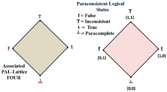 PL has, as an extension, paraconsistent annotated logic (PAL), which has an associated lattice with logical states represented at its vertices. This way, logical sentences can be obtained, where propositions P can be analyzed based on evidence [].
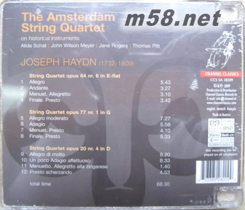 海頓弦樂四重奏第2輯 (Haydn String Quartet Vol.2) SACD(m58.net) 阿姆斯特丹弦樂四重奏(The Amsterdam String Quartet)]醉心於歷史悠久的古典名曲,他們亦深受被譽為"交響曲之父"的奧地利音樂家海頓(Franz Joseph Haydn)的作品所著迷,上輯<海頓弦樂四重奏第1輯>自推出后大獲好評,深受各界推崇。最新專輯<海頓弦樂四重奏第2輯(Haydn String Quartet Vol.2)>再將海頓三首最具欣賞價值的樂章包括[降E大調(diào)弦樂四重奏作品64.6,HobIII(String Quartet opus 64 nr.6 in E-flat)]、[G大調(diào)弦樂四重奏作品77.1,HobIII(String Quartet opus 77 nr.1 in G)]及[D大調(diào)弦樂四重奏作品20.4,HobIII(String Quartet opus 20.4,HobIII)]等,好讓您再次細聽這些截然不同的古典美樂,經(jīng) 阿姆斯特丹弦樂四重奏以嫻熟合拍的默契,演奏得心應(yīng)手,配合極具美感。以專業(yè)頂級的SACD製作后,樂章顯得更為美侖美煥,極富現(xiàn)場感!
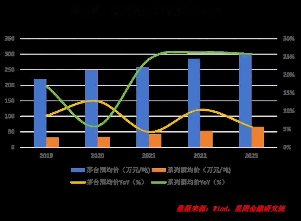 在贵州茅台出手减量保价之后,茅台酒终于稳住了! 据本日酒价数据,截至7月29日,2024年飞天茅台(散)53度/500ml批价已经回升至2375元/瓶,预计随着下半年中秋、国庆等消费旺季到来,代价有望继续上涨。 不外,二级市场对此好像并不太买账,股价小幅反弹之后便一路下行收出6连阴。截至7月29日,贵州茅台股价收在1398.02元/股,创下近18个月以来的新低。 在对贵州茅台举行深入研究之后,我们发现,贵州茅台依然具备极大的增长潜力,股价的偶发颠簸反而会创造不错的买点。 1 在很长一段时间内,贵州茅台都被认为是代价投资的典范,以致一度被称为“A股股王”,段永平、张坤、但斌等,一众投资大佬都对其另眼相待。 贵州茅台确实争气,多年来营利不停出现出高速增长的状态。自2019至2023的5年间,贵州茅台的业务收入自888.54亿元增长至1505.60亿元,年均复合增长率到达了14.09%,净利润自414.07亿元增长至747.53亿元,年均复合增长率到达了15.91%。2024年1季度,贵州茅台业务收入为464.85亿元,同比增长18.04%,净利润为240.51亿元,同比增长15.75%。在复利的巨大威力下,贵州茅台2024年第1季度就已经超过2016年整年经业务绩。 正是由于对贵州茅台未来业绩增长有着良好的预期,二级市场慷慨地给予了贵州茅台较高的估值,恒久以来其市盈率在中高端白酒中不停压倒一切。 假如缩小到高端的“茅五泸”,可以看到,贵州茅台的滚动市盈率快要五粮液和泸州老窖的两倍,并且,从Wind划一预期来看,泸州老窖近2年净利润的年均复合增长率以致还要高于贵州茅台,由此可以窥见市场在中恒久对贵州茅台的信心和青睐。 2 对于一家公司来说,要想实现业务收入的增长,重要有两大办法,一是增“量”,就是增长对外贩卖商品和服务的数目;二是提“价”,就是进步对外贩卖商品和服务的均价。 具体到净利润上,由于净利润本身就是业务收入的一部门,撤除以上两条以外,低沉产物本钱、淘汰期间费用,也可以在营收不变的环境下增重利润。 就贵州茅台近5年的毛利率和净利率来看,根本上维持在稳态水平。其中,毛利率近5年根本上都在90%左右,净利率近5年根本上都在50%左右。我们可以大抵认为毛利润和净利润在业务收入中所占的比重是维持不变的,因此可以将重要篇幅来会合讨论量价因素对贵州茅台业务收入的影响。 拆分一下量价对贵州茅台营收增长的贡献,具体来看,贵州茅台产物重要可以分为茅台酒和系列酒两大系列,前者可以分为飞天茅台和非标茅台,后者重要是相对飞天茅台而言的中低端产物,包罗贵州大曲、赖茅、汉酱、王子、迎宾等。茅台酒在营收中占比约莫为85%,系列酒在营收中占比约莫为15%。 从量上来看,从2019至2023的5年间,茅台酒对外销量自34562.46吨提拔至42109.5吨,涨幅约莫为21.84%,年均复合增长率为5.06%,同期系列酒对外销量自30082.84吨提拔至31164.54吨,涨幅约莫为3.60%,年均复合增长率为0.89%。可以认为,近5年以来,贵州茅台对外贩卖的茅台酒数目快速增长,系列酒放量相对迟缓。 从价上来看,从2019至2023的5年间,茅台酒对外贩卖均价自219.32万元/吨提拔至300.62万元/吨,涨幅为37.07%,年均复合增长率为8.20%;同期系列酒均价自31.72万元/吨提拔至66.20万元/吨,涨幅为108.69%,年均复合增长率为20.19%。可以认为,近5年以来,贵州茅台对外贩卖均价快速上涨,系列酒提价显着更为激进,茅台酒提价幅度也不小。 总得来说,近5年以来,贵州茅台绝大部门业绩增长泉源于茅台酒,茅台酒与系列酒对营收增量贡献比例约莫为8:2,细分到量价层面,处于成熟期的茅台酒增量更为显着,处于成恒久的系列酒提价更为激进。 3 要预测贵州茅台未来的业绩增长,我们要先抓重要抵牾,再看次要抵牾。 由于茅台酒贡献了绝大部门存量和增量,显然,茅台酒未来的提价增量更值得我们研究。 先来说说茅台酒代价,对于茅台酒,厂家要想进步贩卖均价,重要有以下几种方法: 第一是进步产物出厂价。这是一个立竿见影的办法,由于茅台经销商是按月打款的,这意味厂商提价所带来的积极影响很快就可以表现在收入中。不外,这种大招显然并不能常用,以飞天茅台为例,近10年来仅提价2次,迩来的1次是去年10月提价20%。 第二是增长非标茅台投放量。这是一种隐晦的提价方法,非标茅台重要包罗陈年茅台、珍品茅台、佳构茅台、生肖茅台等产物,出厂代价每每远高于飞天茅台,并且,由于其代价变革对品牌直接影响相对较小,因此无论是提价频率照旧涨价幅度,非标茅台相对于飞天茅台都更具有上风,从而成为推动茅台酒吨价提拔的重要气力。 第三是直营渠道占比提拔。茅台经销商不停诉苦贵州茅台将大部门新增份额给了直营渠道,这可以从侧面分析,直营渠道相对于经销渠道对厂商更具吸引力。以小茅(即飞天茅台53度/100ml)为例,其在i茅台贩卖单价为399元/瓶,假如折合为500ml则为1995元/瓶,险些是经销商进货价1169元/瓶的2倍。 再来说说茅台酒数目,对于贵州茅台来说,由于出厂价、引导价和零售价之间的巨大价差,有货肯定不愁卖,对外贩卖数目的关键在于茅台酒当年产量,大概说是4年前基酒产量。这重要是由茅台酒的生产工艺所决定的,由于其制成基酒后必要分型储存3年,老酒勾兑后至少再储存1年,由于储存挥发、保存老酒等原因,茅台酒销量与基酒产量比例大概在75%~85%之间。假如是更为高端的年份酒,以致还必要更长时间的老酒来调制。 从
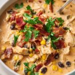 This Slow Cooker Cream Cheese Crack Chicken Chili is a comforting and creamy chili recipe that combines tender shredded chicken with flavorful spices, black beans, corn, and a cheesy cream cheese base. Perfect for a hearty meal that’s easy to prepare, this dish is slow-cooked to perfection and topped with shredded cheddar cheese, bacon bits, and fresh greens for added texture and flavor.
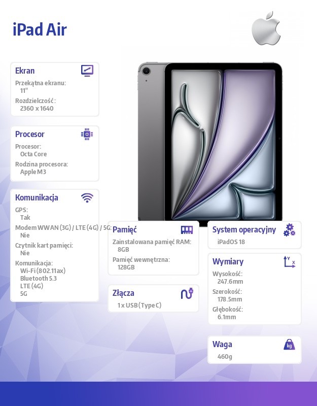 Apple iPad Air 11 cali WiFi + Cellular 128GB Szary
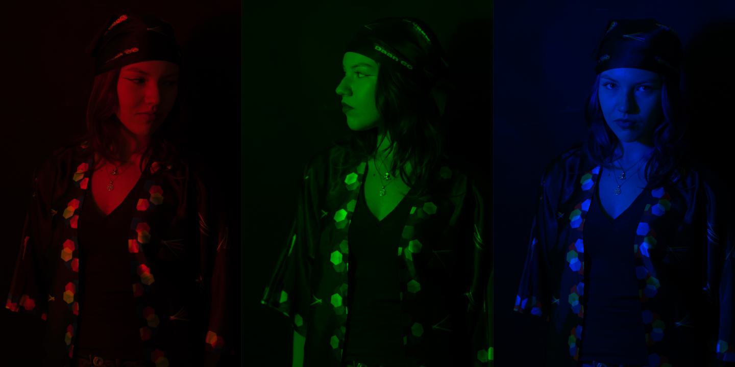 In this fashion experience, pattern design, textile technologies and colour theory come together to create dynamic interactions with RGB light. Using specific patterns and colours on a black base, the prints appear to shift or move under coloured lighting. These effects are not digitally rendered but emerge through the relationship between garment, space, and light.
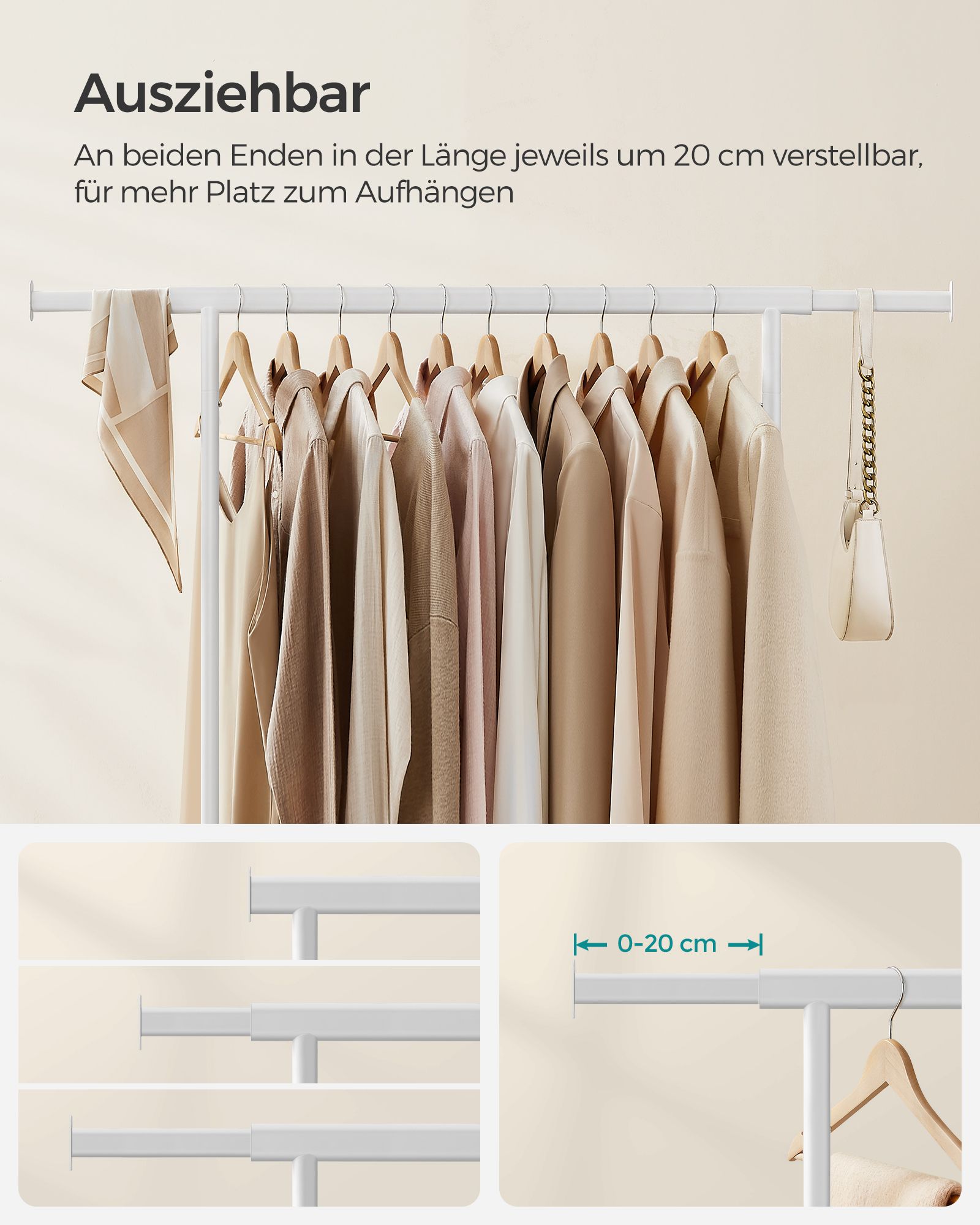 Uttrekkbar og justerbar klesstang som kan tilpasses i lengde mellom 92–132 cm for ekstra hengeplass
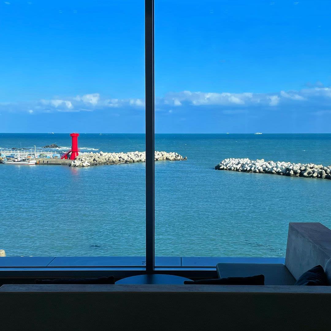 大型面包咖啡厅,从大玻璃窗能看到如画的海景
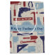 Saco médio brilhante com a imagem de um sortido de ferramentas vermelhas, marinhos e azuis claras em creme cercado com uma fita azul personalizável com o sentimento do Dia do Pai. Veja confetti correspondente, caixa de favoritos, etiqueta de favor, etiqueta, adesivo quadrado e papel de embalagem. Veja a coleção inteira do Padre Gift Bag no TOUCHES ESPECIAIS | Seção Favoritos para festas.

■ HOW TO COMPLETE THIS TASK
Range to copy from the listing above: the line containing "In this fashion" down to the line containing "Uttrekkbar og justerbar", both included. Reproduce it exactly, minus the pictures, and add nothing.

■ OUTPUT FOR THIS EXERCISE
 In this fashion experience, pattern design, textile technologies and colour theory come together to create dynamic interactions with RGB light. Using specific patterns and colours on a black base, the prints appear to shift or move under coloured lighting. These effects are not digitally rendered but emerge through the relationship between garment, space, and light.
 Uttrekkbar og justerbar klesstang som kan tilpasses i lengde mellom 92–132 cm for ekstra hengeplass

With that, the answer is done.